Exercise: Only the lines from the one containing "Моркамб - Мэнсфилд" through the end of the listing are to be repeated, exactly and without pictures.
++++ Data block
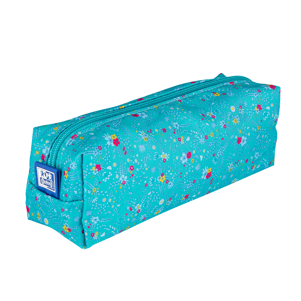 Piórnik z tkaniny poliestrowej z satynowym wykończeniem, który nadaje lekki błysk, odporność na zabrudzenia a jednocześnie podkreśla mocne kolory nawiązujące do kolekcji zeszytów Oxford Floral.
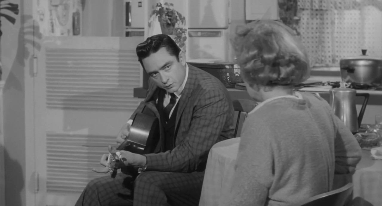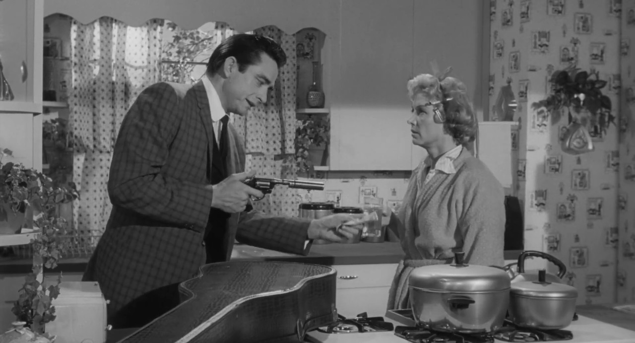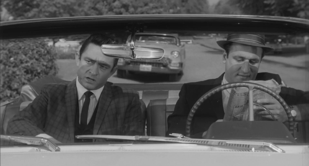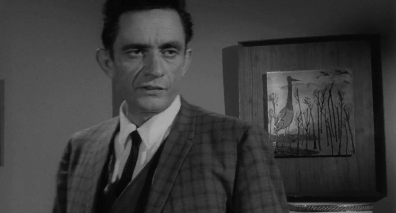 There are certain coincidences with the real Johnny, the action supposedly takes place in the wilderness, but in fact this is a suburbs of the ideal American dream. Johnny plays a criminal and a musician who pretends to be a traveling salesman. In fact, before starting his musical career, Cash also worked as a door-to-door salesman and sold something like refrigerators. But he was not very successful in this, he even discouraged buying the product if he saw that it was too expensive for people. However, he has always been successful when it comes to promoting his own talent and himself as an artist. Cash is a good actor, and it’s very unusual to see him in the role of a purely negative character. Here he is cruel and even mean-spirited, despises the entire business class, disparages the females and tells very sharp jokes about his victim:
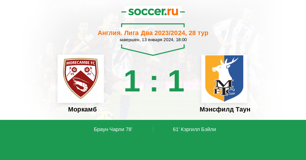 Моркамб - Мэнсфилд Таун: обзор матча 13 января 2024
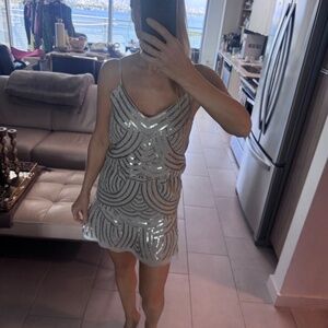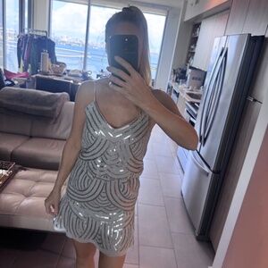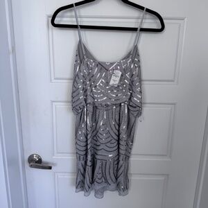 Endless Rose Sequin dress in Art deco design Silver and grey color - cinched waist
++++++++
Finished task:
 Моркамб - Мэнсфилд Таун: обзор матча 13 января 2024
 Endless Rose Sequin dress in Art deco design Silver and grey color - cinched waist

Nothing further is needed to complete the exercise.